Remicade carries anti-TNF class risks including serious infections, reactivation of latent TB or hepatitis B, and a small increase in lymphoma risk. Long-term IBD registry data consistently shows higher hospitalization rates for serious infection on infliximab compared with IL-23 pathway biologics. Omvoh's UC safety data from LUCENT has been favorable, consistent with other IL-23 p19 biologics. For omvoh vs remicade UC effectiveness in patients with infection concerns, cancer history, or other risk factors for immunosuppression complications, Omvoh's narrower mechanism often looks more favorable. Both drugs require TB and hepatitis B screening before starting.

Administration and Dosing

Remicade uses three IV induction doses at weeks 0, 2, and 6, followed by maintenance infusions every 8 weeks at 5 mg/kg for UC, with dose escalation to 10 mg/kg or interval shortening available if response wanes, per Janssen's Remicade information. Remicade requires lifelong infusions. Omvoh uses IV induction at 300 mg every 4 weeks for three doses (weeks 0, 4, and 8), followed by subcutaneous maintenance at 200 mg every 4 weeks, per Lilly's Omvoh prescribing information. After induction, Omvoh transitions patients to home-based SC injections, eliminating ongoing infusion center visits. For UC patients who want to minimize long-term infusion time, Omvoh's SC maintenance is a meaningful practical advantage.

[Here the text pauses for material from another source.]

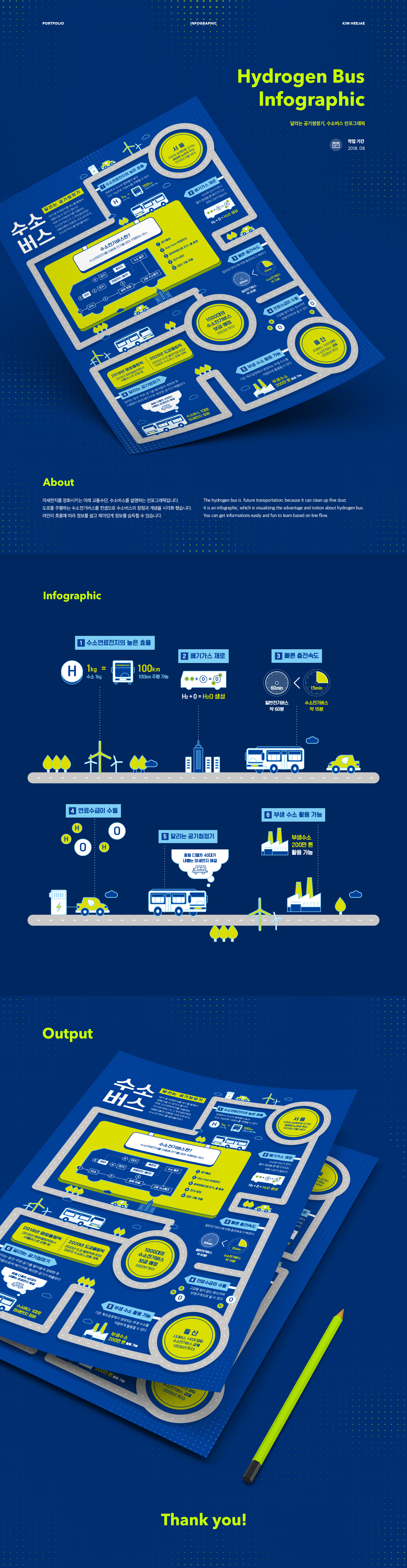 The hydrogen bus is future transportation. because It can clean up fine dust. It is an infographic, which is visualizing the advantage and notion about hydrogen bus. This infographic means hydrogen electric bus driving on the road and I designed it that you can read easily.

Switching From Remicade to Omvoh

UC patients who lose response to Remicade often consider a mechanism switch rather than cycling to a second anti-TNF. LUCENT-1 included biologic-experienced patients and showed Omvoh's efficacy in this population. Compared with cycling anti-TNFs (which typically delivers lower response rates than changing classes), a mechanism switch to IL-23 p19 blockade is supported by trial data. The omvoh after remicade UC transition generally does not require a lengthy washout, though timing depends on residual Remicade levels, antidrug antibodies, and individual patient factors. Your GI will weigh these alongside disease severity when planning the switch.

Cost and Access

Remicade has extensive biosimilar competition. Inflectra (infliximab-dyyb) and Renflexis (infliximab-abda) are widely available and often preferred on insurance formularies, which significantly lowers acquisition costs. Omvoh has no biosimilar and is priced as a branded biologic. For UC patients where insurance strongly favors a low-cost infliximab biosimilar, Remicade (or its biosimilar) may be the most accessible option. For patients whose plans cover Omvoh and who prioritize the IL-23 mechanism or SC maintenance convenience, manufacturer copay assistance programs can help bridge cost gaps for commercially insured patients.

Choosing With Your GI

For a UC patient deciding between Omvoh and Remicade, Remicade tends to win on induction speed, dose escalation flexibility, and biosimilar cost savings. Omvoh tends to win on long-term safety, SC maintenance convenience, urgency-focused outcomes from LUCENT, and performance in anti-TNF experienced patients. Ask your GI how response will be measured after induction, what to do if symptoms persist, whether therapeutic drug monitoring will be used, and how your insurance handles infliximab biosimilars versus branded IL-23 biologics. A log of stool frequency, urgency, blood, and any new extraintestinal symptoms between visits gives your care team the data to recognize early loss of response before a full flare returns.

This article is for educational purposes and is not medical advice. It is researched against current AGA clinical guidelines and peer-reviewed sources. Always discuss treatment decisions with your care team.